===== Information shown =====
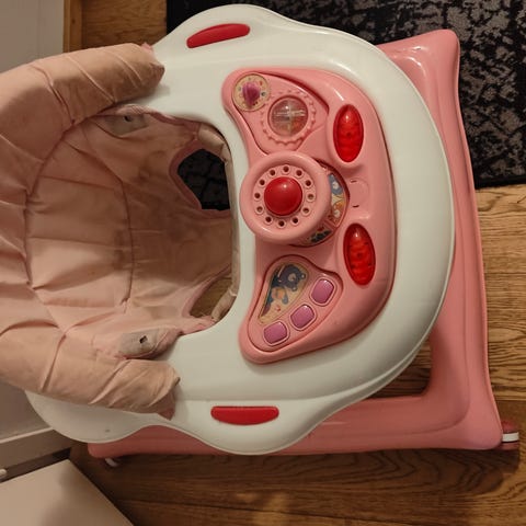 Kuvan kävelytuoli seuraavalle pikkuiselle 🩷🩵🩶 Helpotti meillä kovasti arkea vauvan kanssa, joka ei vielä itse osannut kävellä, mutta menohaluja oli hurjasti. Tuolin saa taitettua kätevästi kasaan, joten se on helppo ottaa mukaan myös reissuun. Istuinosan kangas/pehmuste on irrotettava ja pestävä. ”Leikkikeskuksen” saa irti ja sitä voi siis käyttää myös erikseen. Alta paljastuvaa pöytää voi halutessaan käyttää esim. syömiseen.
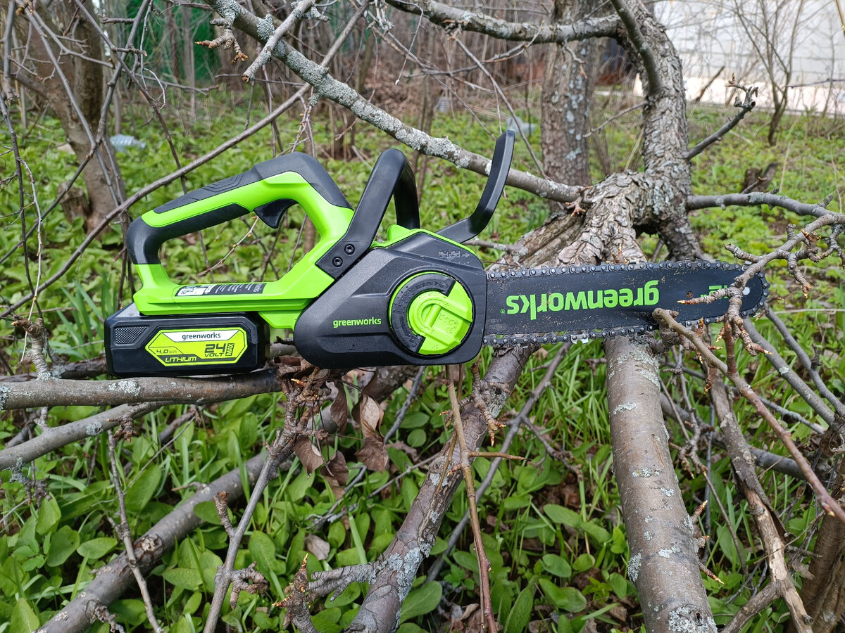 Легкая и простая Я нашла пилу, с которой может справиться любой. Она небольшая по размеру. Легкая. В полном сборе, вместе с аккумулятором она весит 4 кг. Это вам не бензопила, которую поднять не каждая женщина сможет. Это Greenworks, модель GD24CS30. И главное, что сборка и использование пилы – интуитивно понятое. Конечно, необходимо прочитать инструкцию, особенно раздел о безопасности, но сборка для меня не составила сложности. Щелк-щелк-щелк и все готово! Что еще – из-за небольших размеров пилу можно перевозить с собой, даже в моей маленькой машинке, в собранном состоянии она легко помещается в багажник. Цепь Я даже сама поняла, без подсказок со стороны, скептически наблюдавших помощников мужчин, как правильно натянуть цепь. Хотя сознаюсь, что именно этот момент при покупке меня больше всего беспокоил: «А смогу ли я сама, собрать цепь или поменять ее потом, при необходимости?» Смогу. Это просто. На корпусе есть подсказка, как правильно ее поставить, именно это мне особенно понравилос
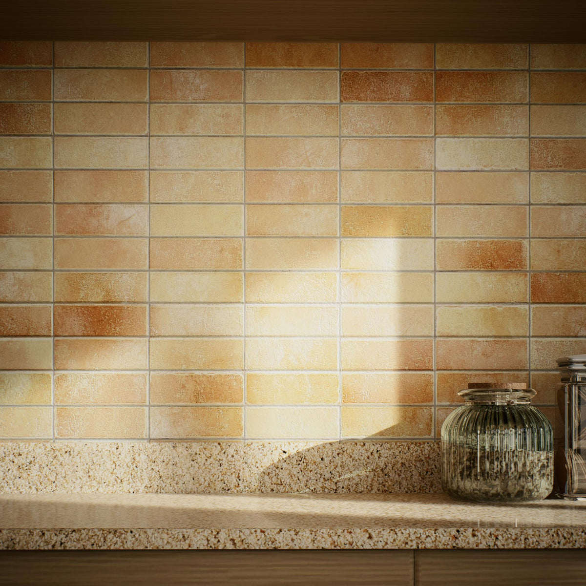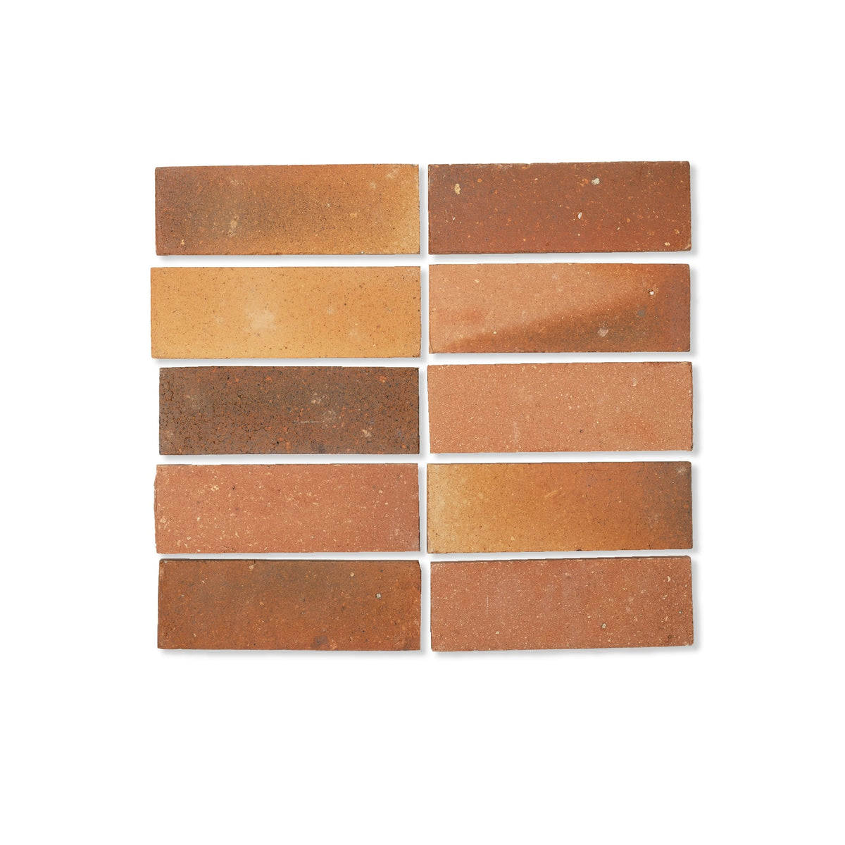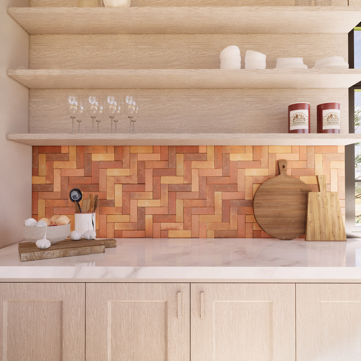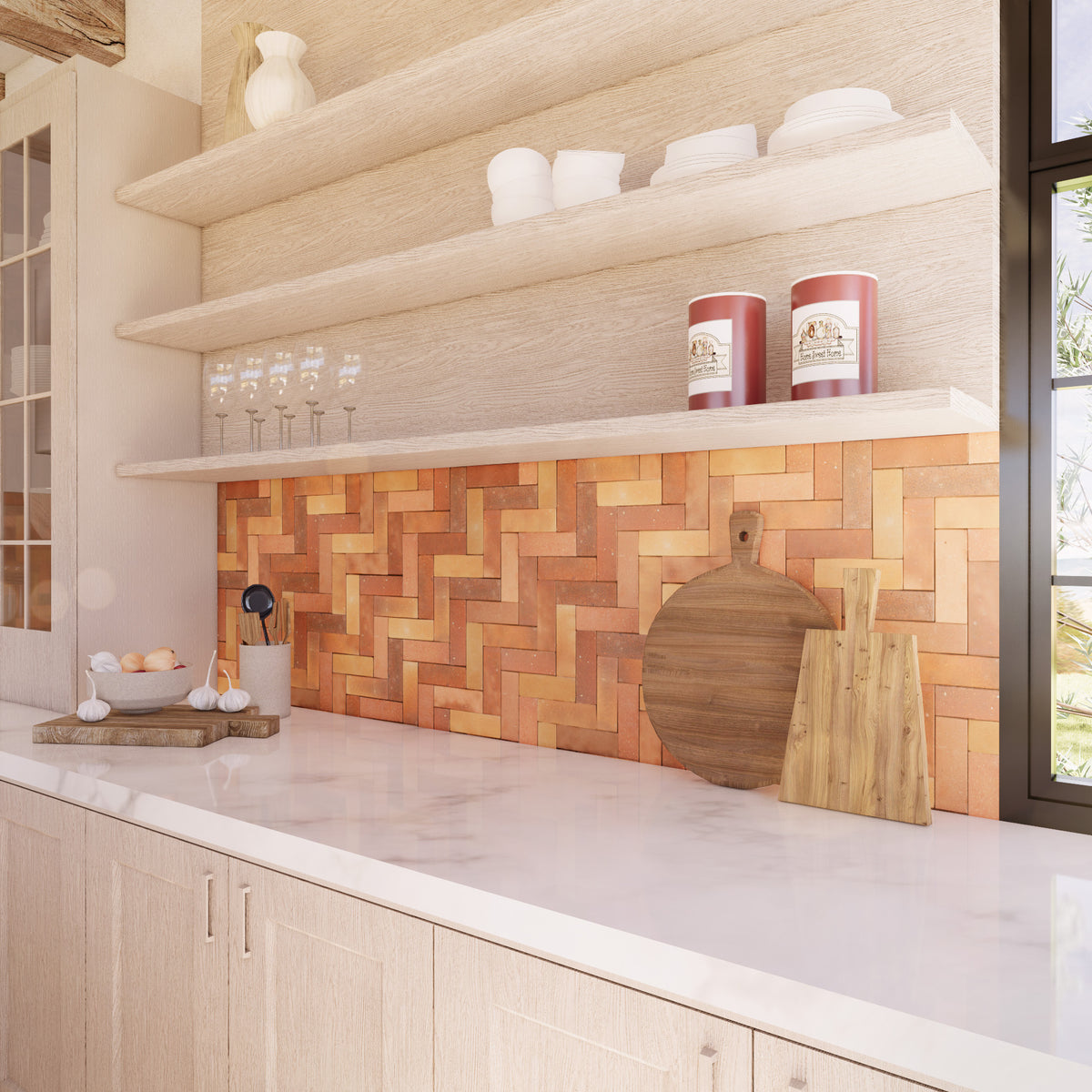 The Baguette Terracotta Tiles from the LiLi Terracotta Collection bring timeless sophistication to any space. Handcrafted using traditional terracotta techniques, these 2" x 6" tiles offer a unique blend of warm, earthy tones in three beautiful color variations. Their elongated shape makes them ideal for creating stylish backsplashes, accent walls, and vertical applications, adding a sleek yet rustic element to any room. Each tile reflects the unpredictability of the wood oven baking process, making every installation a unique masterpiece.
=====
▶ [Task]: Would you return the material above exactly, apart from its pictures?

▶ [Exercise output]:
 Kuvan kävelytuoli seuraavalle pikkuiselle 🩷🩵🩶 Helpotti meillä kovasti arkea vauvan kanssa, joka ei vielä itse osannut kävellä, mutta menohaluja oli hurjasti. Tuolin saa taitettua kätevästi kasaan, joten se on helppo ottaa mukaan myös reissuun. Istuinosan kangas/pehmuste on irrotettava ja pestävä. ”Leikkikeskuksen” saa irti ja sitä voi siis käyttää myös erikseen. Alta paljastuvaa pöytää voi halutessaan käyttää esim. syömiseen.
 Легкая и простая Я нашла пилу, с которой может справиться любой. Она небольшая по размеру. Легкая. В полном сборе, вместе с аккумулятором она весит 4 кг. Это вам не бензопила, которую поднять не каждая женщина сможет. Это Greenworks, модель GD24CS30. И главное, что сборка и использование пилы – интуитивно понятое. Конечно, необходимо прочитать инструкцию, особенно раздел о безопасности, но сборка для меня не составила сложности. Щелк-щелк-щелк и все готово! Что еще – из-за небольших размеров пилу можно перевозить с собой, даже в моей маленькой машинке, в собранном состоянии она легко помещается в багажник. Цепь Я даже сама поняла, без подсказок со стороны, скептически наблюдавших помощников мужчин, как правильно натянуть цепь. Хотя сознаюсь, что именно этот момент при покупке меня больше всего беспокоил: «А смогу ли я сама, собрать цепь или поменять ее потом, при необходимости?» Смогу. Это просто. На корпусе есть подсказка, как правильно ее поставить, именно это мне особенно понравилос
 The Baguette Terracotta Tiles from the LiLi Terracotta Collection bring timeless sophistication to any space. Handcrafted using traditional terracotta techniques, these 2" x 6" tiles offer a unique blend of warm, earthy tones in three beautiful color variations. Their elongated shape makes them ideal for creating stylish backsplashes, accent walls, and vertical applications, adding a sleek yet rustic element to any room. Each tile reflects the unpredictability of the wood oven baking process, making every installation a unique masterpiece.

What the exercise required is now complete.